The Wahkiakum County Eagle - Established as The Skamokawa Eagle in 1891

Work nears completion on Puget Island bridge


October 10, 2019

Rick Nelson

Workers pull chain link fencing from the underside of the Puget Island bridge. The fencing provided footing for paint crews and a structure for containment curtains. The project should be finished by the end of this month, according to the Washington State Department of Transportation.

The end of the road is in sight for the the SR 409 Puget Island Bridge Deck Repair and Replacement project.

"Provided we do not have any weather delays, this project could wrap up before the end of October," Tamara Greenwell, regional communications officer for the Washington State Department of Transportation, said Tuesday.

Current work includes:

• Removing suspended scaffolding underneath the bridge,

• Cleaning and painting the rigging contact points,

• Performing final touch-up work on the structure, and

• Cleaning and painting the pedestrian rail.

Remaining work includes:

• Finishing pedestrian rail installation and painting – containment rigging was in place, preventing this work from being done,

• Installing compression and strip seals at expansion joints,

• Removing the temporary osprey platform,

• Installing permanent signs, and

• Installing permanent pavement markings.

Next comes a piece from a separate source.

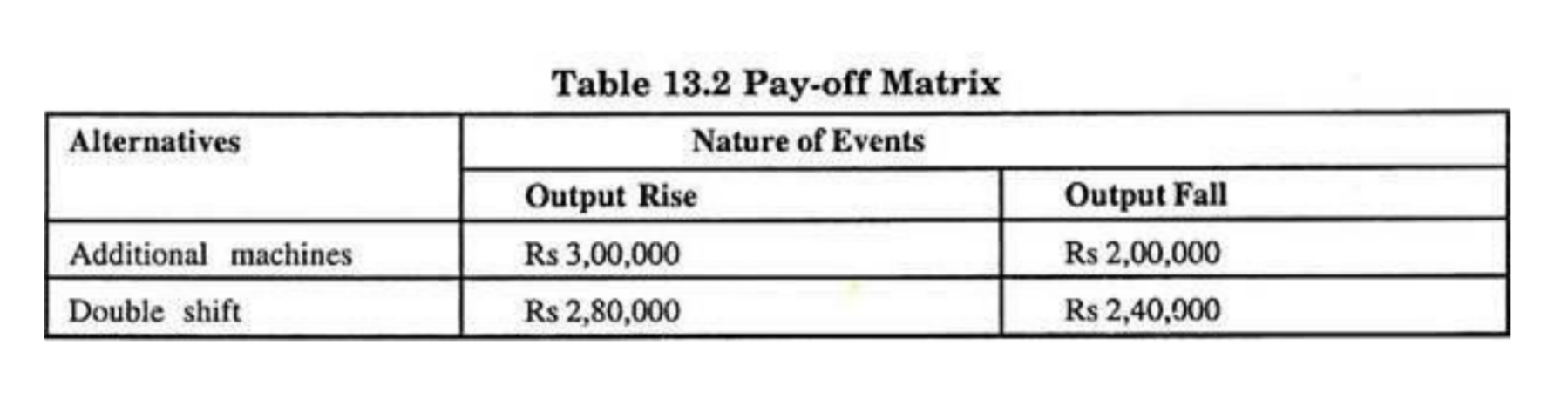 Since the pay-off from introducing a double shift is higher, it may be selected. Though, the decision tree does not provide a solution to the decision-maker, it helps in decision-making by showing the alternatives available and their probabilities.

Work on the project began in March, 2018, with relocation of an osprey nest originally located on top of the bridge superstructure. A contractor erected a pole and platform along the uncovered concrete portion of the bridge, and ospreys successfully nested there in the summers of 2018 and 2019.

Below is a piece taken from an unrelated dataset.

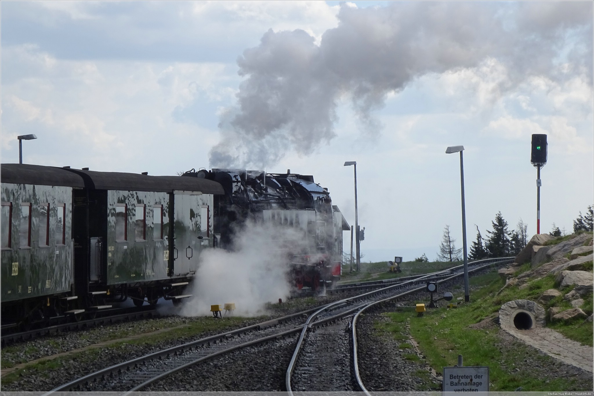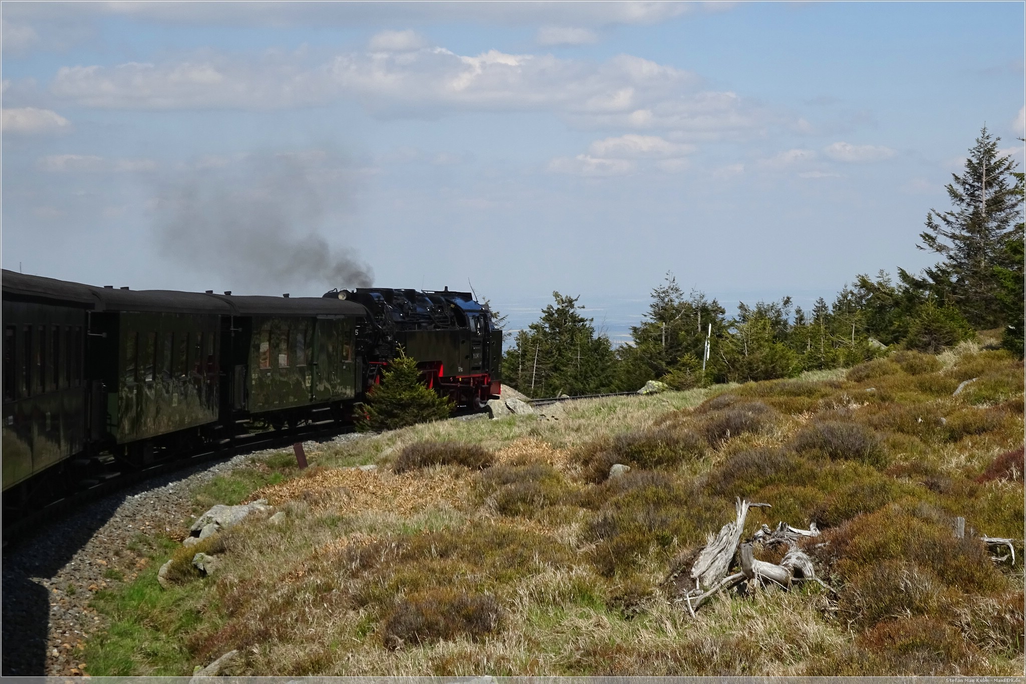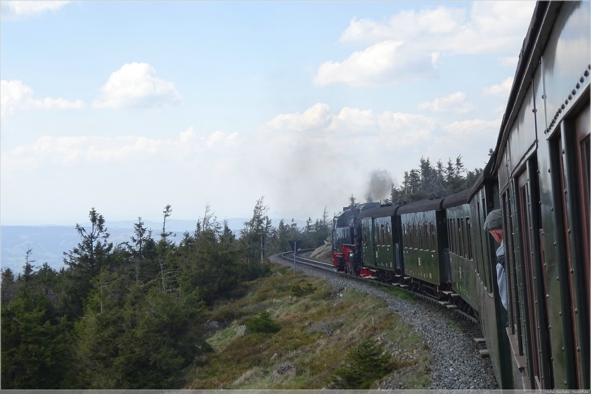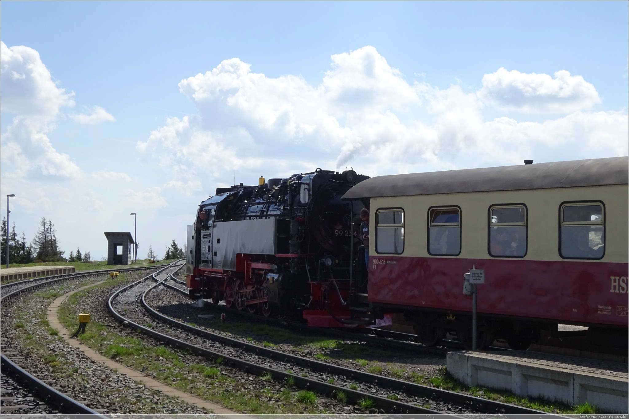 Mit Volldampf ging es dann gen Brocken. Das Wetter meinte es wirklich gut mit und, die Sonne schien reichlich und so war es eine schöne Fahrt. In Drei Annen Hohne als auch in Schierke gab es jeweils längere Aufenthalte. Einerseits um den regulären Linienverkehr Vorrang zu gewähren, aber auch um immer wieder Wasser für die Lok aufzunehmen.

A Puget Island resident, Vicki Bucklin, has suggested that the department maintain the new platform because of the osprey's success there.

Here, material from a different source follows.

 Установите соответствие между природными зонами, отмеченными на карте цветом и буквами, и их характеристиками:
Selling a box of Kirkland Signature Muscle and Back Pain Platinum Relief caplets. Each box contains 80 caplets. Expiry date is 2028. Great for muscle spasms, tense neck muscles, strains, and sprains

Washington State Department of Transportation

Part of the bridge work included installing a higher guardrail and new surface for the pedestrian walkway.

That possibility is being considered but appears unlikely, according to an email from Joanna Lowery, WSDOT engineer in charge of the project.

"Right now, it looks like our bridge engineers have some serious concerns about the structural loads due to the platform," Lowery said Tuesday. "They also designed the platform to be temporary, so the materials and installation don't currently meet some of the design standards for permanent structures.

"We have a few more things to look into, but it seems most likely that the platform will have to come down."

The painting and repaving project was estimated to cost $17.2 million.

"We appreciate the community's continued patience during the work, and look forward to completion, which will preserve this vital transportation connection for many years to come," Greenwell said.